== Segment start ==
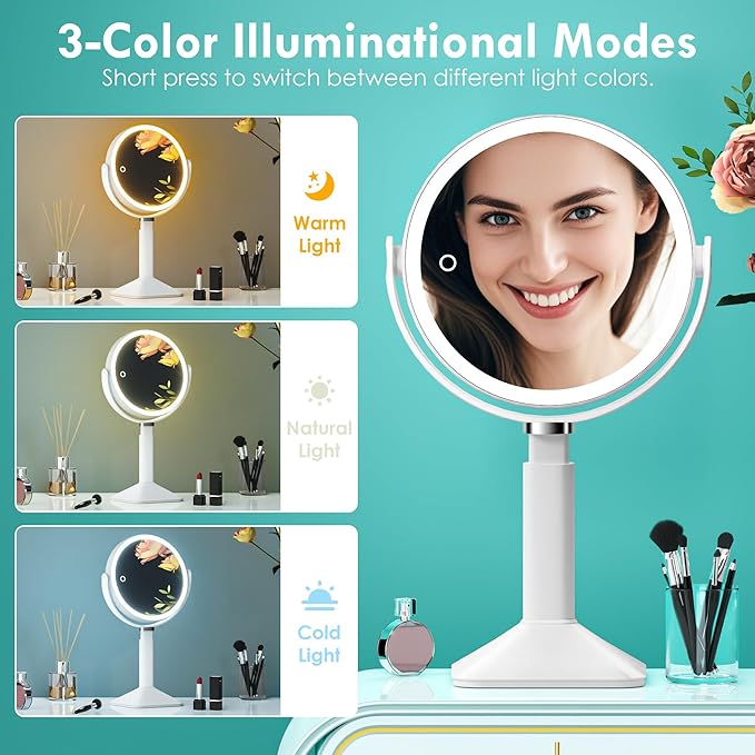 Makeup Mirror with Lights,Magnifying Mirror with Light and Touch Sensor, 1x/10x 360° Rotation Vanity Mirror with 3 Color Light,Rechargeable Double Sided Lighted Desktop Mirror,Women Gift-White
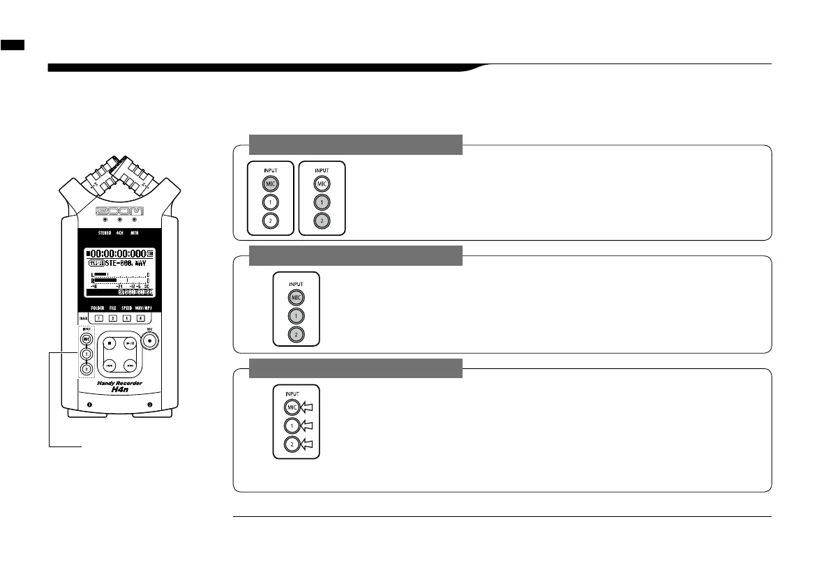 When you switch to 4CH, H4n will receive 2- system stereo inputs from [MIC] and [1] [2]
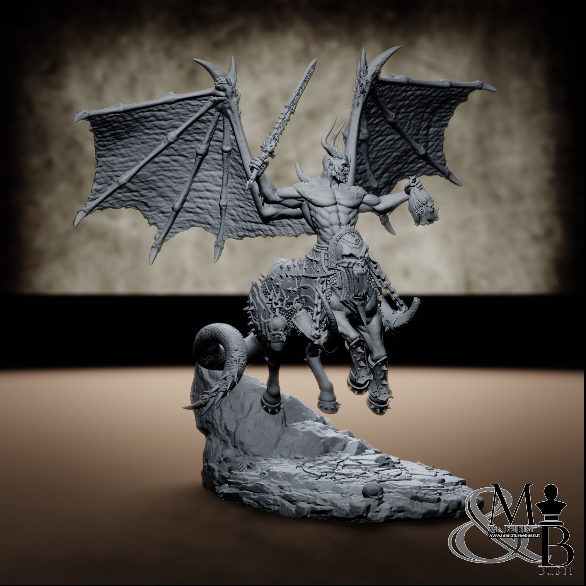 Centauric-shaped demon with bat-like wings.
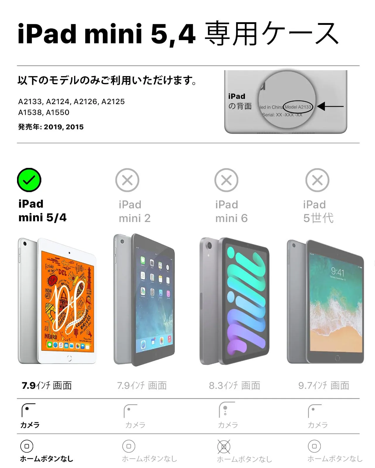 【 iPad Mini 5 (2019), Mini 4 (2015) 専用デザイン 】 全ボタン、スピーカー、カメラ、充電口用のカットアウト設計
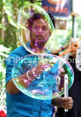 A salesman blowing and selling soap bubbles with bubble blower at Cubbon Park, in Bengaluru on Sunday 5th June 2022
== Segment end ==
== Segment start ==
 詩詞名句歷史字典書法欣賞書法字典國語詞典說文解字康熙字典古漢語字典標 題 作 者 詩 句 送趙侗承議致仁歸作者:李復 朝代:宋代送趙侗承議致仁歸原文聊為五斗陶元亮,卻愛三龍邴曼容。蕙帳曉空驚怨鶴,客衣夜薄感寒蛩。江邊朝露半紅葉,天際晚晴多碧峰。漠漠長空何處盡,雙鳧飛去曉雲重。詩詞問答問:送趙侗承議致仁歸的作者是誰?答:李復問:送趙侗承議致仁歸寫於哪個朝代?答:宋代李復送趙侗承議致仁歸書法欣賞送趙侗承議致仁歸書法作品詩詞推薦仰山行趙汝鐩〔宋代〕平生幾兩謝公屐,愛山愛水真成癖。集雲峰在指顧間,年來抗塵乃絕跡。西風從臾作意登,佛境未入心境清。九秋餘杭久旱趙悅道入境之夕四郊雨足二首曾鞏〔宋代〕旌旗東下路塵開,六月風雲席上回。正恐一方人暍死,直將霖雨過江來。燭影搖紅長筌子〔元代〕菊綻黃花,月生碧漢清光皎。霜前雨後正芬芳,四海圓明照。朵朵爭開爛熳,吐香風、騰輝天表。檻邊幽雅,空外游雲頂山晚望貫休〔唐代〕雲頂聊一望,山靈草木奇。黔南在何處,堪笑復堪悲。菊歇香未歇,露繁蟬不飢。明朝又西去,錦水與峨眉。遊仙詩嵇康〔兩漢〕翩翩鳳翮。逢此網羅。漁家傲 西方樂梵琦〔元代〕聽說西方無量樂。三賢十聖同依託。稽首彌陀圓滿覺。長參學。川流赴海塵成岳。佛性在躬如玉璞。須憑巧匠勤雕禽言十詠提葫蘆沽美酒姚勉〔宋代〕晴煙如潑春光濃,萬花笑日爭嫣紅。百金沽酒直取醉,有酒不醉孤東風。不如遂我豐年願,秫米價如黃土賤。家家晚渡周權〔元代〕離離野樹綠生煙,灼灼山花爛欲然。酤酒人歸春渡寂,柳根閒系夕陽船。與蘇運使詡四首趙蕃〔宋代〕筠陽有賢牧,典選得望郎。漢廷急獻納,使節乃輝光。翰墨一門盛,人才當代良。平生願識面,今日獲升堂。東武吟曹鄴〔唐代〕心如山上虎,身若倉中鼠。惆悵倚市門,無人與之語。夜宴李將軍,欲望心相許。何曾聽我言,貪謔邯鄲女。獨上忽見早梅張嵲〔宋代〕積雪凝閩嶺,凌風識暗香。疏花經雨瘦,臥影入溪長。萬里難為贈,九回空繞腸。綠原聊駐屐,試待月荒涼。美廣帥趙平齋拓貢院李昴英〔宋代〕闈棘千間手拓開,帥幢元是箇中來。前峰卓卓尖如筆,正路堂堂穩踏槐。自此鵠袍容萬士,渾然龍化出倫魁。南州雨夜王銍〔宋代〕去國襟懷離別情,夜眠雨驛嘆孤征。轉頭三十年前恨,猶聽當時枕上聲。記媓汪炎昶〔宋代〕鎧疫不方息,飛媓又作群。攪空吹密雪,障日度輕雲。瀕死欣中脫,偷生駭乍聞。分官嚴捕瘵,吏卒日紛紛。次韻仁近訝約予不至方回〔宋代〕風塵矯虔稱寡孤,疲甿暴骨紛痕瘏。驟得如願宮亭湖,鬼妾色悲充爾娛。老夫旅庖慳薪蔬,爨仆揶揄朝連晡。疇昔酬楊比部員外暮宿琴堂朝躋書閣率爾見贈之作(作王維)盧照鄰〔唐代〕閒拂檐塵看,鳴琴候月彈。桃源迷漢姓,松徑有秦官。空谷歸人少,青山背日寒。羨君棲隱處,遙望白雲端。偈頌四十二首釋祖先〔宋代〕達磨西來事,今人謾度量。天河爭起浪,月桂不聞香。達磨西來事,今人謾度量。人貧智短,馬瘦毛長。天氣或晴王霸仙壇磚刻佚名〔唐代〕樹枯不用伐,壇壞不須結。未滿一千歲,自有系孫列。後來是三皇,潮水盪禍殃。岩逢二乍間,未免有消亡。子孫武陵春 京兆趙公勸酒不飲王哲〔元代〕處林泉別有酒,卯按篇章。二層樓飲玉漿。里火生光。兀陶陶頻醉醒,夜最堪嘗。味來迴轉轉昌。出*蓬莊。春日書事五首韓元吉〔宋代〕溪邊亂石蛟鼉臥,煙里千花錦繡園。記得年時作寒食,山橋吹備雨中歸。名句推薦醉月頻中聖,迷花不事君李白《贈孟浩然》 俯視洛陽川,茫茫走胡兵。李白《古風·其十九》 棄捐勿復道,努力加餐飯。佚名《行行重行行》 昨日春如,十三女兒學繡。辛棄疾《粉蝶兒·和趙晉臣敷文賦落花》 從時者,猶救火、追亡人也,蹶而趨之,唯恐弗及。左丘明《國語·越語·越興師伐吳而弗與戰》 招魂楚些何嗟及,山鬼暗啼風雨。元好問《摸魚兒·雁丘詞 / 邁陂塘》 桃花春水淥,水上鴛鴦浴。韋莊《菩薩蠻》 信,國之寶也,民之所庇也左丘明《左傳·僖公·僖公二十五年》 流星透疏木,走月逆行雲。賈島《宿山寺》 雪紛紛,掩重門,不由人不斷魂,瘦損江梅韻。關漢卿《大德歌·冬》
== Segment end ==
● **Exercise instructions**: Above, find the line holding "Makeup Mirror with" and the line holding "A salesman blowing". Print exactly those two lines and every line between them, but no pictures.

● **Written answer**:
 Makeup Mirror with Lights,Magnifying Mirror with Light and Touch Sensor, 1x/10x 360° Rotation Vanity Mirror with 3 Color Light,Rechargeable Double Sided Lighted Desktop Mirror,Women Gift-White
 When you switch to 4CH, H4n will receive 2- system stereo inputs from [MIC] and [1] [2]
 Centauric-shaped demon with bat-like wings.
 【 iPad Mini 5 (2019), Mini 4 (2015) 専用デザイン 】 全ボタン、スピーカー、カメラ、充電口用のカットアウト設計
 A salesman blowing and selling soap bubbles with bubble blower at Cubbon Park, in Bengaluru on Sunday 5th June 2022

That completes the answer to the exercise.